Closed gardners closed 3 years ago
Working on making ethertest.a65 a more useful test to support this. Will include ARP, PING and TFTP server
Working on making ethertest.a65 a more useful test to support this. Will include ARP, PING and TFTP server. TFTP get already works. TFTP put is work-in-progress. This has required implementing the missing dos_mkfile() hypertrap, which is making this issue blow out a bit.
ethertest.a65 currently doesn't correctly realise when a file exists, to re-use it, and instead creates it again. dos_mkfile() should fail with "file exists" in this case, but doesn't. Result is duplicate files if attempting to create / put the same file repeatedly.
Ethernet RX seems to be quite stable, testing watching the arrival of ICMP PING requests with ascending sequence numbers.
The problem is still on the sending side.
Things to try:
For 3, it is already inferring OBUFs. SLEW FAST didn't fix it. Not 100% sure if our TX phase adjusting is working, as it should be possible to pick a phase that makes it much worse, but there is no apparent difference. Trying SLEW SLOW DRIVE 4, in case the problem is reflections or ringing
Also should display packets on screen to make sure that reading is not the soiurce of the problem
RX of packets now seems rock solid, and pinging with 950 byte packets results in reliable responses. TFTP server however stalls sending all the time, because of RX errors on the linux side, i.e., we are still TXing the odd dud packet. This probably means we should re-check the TX phase.
Quick test with trying all four TX phase offsets shows problem still happening. Further investigation required.
Using BUFG on the ethernet clock has fixed almost all the RX and TX errors. We are still seeing the occasional lost packet, but no more packet corruption caused by fluffy clocks.
Now, we have a remaining problem where the ethernet locks up and won't TX anymore. It still sees packets arrive, but seems unable to respond to them.

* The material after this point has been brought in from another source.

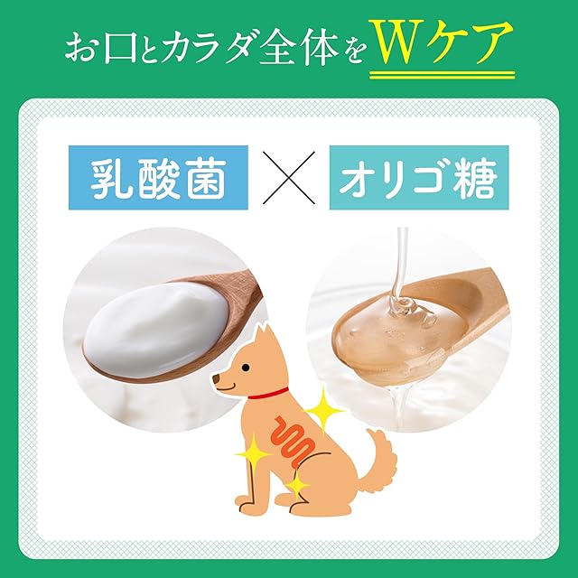:獣医師とペット栄養管理士が共同開発した、ふりかけ状の口腔ケアサプリメントです。人向けの歯磨き市場でも注目を集める自然派原料のマスティック樹脂を使用。口内の汚れを取り除くリベチン含有卵黄粉末や口臭に働きかけるカテキン類などがお口の健康を維持します*2。ふりかけ状のため、いつものごはんに振りかけるだけの簡単習慣で使いやすい口腔ケアサプリです。 *噛むことで歯垢の沈着を抑え、お口の健康を維持する<br> 天然由来の歯磨き成分:しっかりと口腔ケアをしつつ、安心してあげられるよう原材料はすべてヒューマングレード素材です。自然由来の歯磨き成分である「マスティック樹脂」を使用しています。マスティック樹脂は唾液と混ざると粘り気が出る特徴があり、よく噛むことで歯に長く付着し、口内トラブルの原因となる歯垢の沈着を防ぎます。<br> 汚れを優しく吸着:口内の汚れを取り除くリベチン含有卵黄粉末を使用。たまご由来の優しい成分で、よく噛むことでお口の汚れを素早く取り除く働きがあります。<br> ニオイを洗浄:緑茶由来のカテキン類を使用することで、よく噛むことでニオイを抑えお口の中を清潔に爽やかに保ちます。<br> お口全体をコーティング:マスティックパウダー・納豆由来の潤い成分であるポルグルタミン酸を配合。この2つの潤い成分が、よく噛むことで歯に付着してデンタルガードすることにより、長く口内環境を維持します。<br> お口とカラダ全体をWケア:お口やカラダ全体の健康をサポートする乳酸菌・オリゴ糖などのこだわりの成分も配合し、わんちゃんねこちゃんの健康なカラダと口内環境の維持をサポートします。<br> 無添加:着色料、合成香料、保存料は使用しておりません。大切な家族のお口の中に入れるものだから、素材はすべてヒューマングレードの天然由来のものを採用しております。<br> 毎日続けられる簡単習慣:1日1包いつものごはんに振りかけるだけで簡単ケアが可能です。しっかりとケアするためには、なによりも継続していただくことが大切です。簡単に与えることのできる粉末状なので、負担なく続けていただけます。<br> 無味無臭仕上げ:警戒心の強いわんちゃん、ねこちゃんも変わらない食べっぷり。<br> メーカー名:犬猫生活株式会社 生産国:日本

Doing a soft reset of the machine doesn't fix it, so I assume it something in the ethernet controller's internal state machine.
TX lockup actually looks like the ethernet PHY chip gets its MDX status confused.
Otherwise, the only problem we are still seeing is packet loss on the TX direction of ~2-3% without any real explanation.
Removing and reinserting ethernet cable clears MDX status, but doesn't reestablish TX of packets.
Added instrumentation to see TX state machine status, and it looks like it is stuck counting down the TX delay interval.
The new logic for resetting the ethernet state machine seems to work to clear the situation, further confirming it is just a VHDL state machine problem.
That it is a VHDL problem is confirmed by the addition of a "soft reset" option that resets the ETH TX state, without resetting the PHY itself. USing this soft-reset option also unblocks sending.
Problem can be stimulated just by trying to send a bunch of packets in quick succession. In my test, they were just duplicates of 908 byte long ICMP reply packets. What is really weird, is that a symptom of the problem is the TX wait counter counting endlessly, indicating that it is getting into the IdleWait state, which is the only action that the software reset performs.
BUT if you assert the soft-reset for too short a period of time, it doesn't fix the problem.
Ethernet is flaky, presumably because we latch data on rising edge, when it is in fact clocked on falling edges.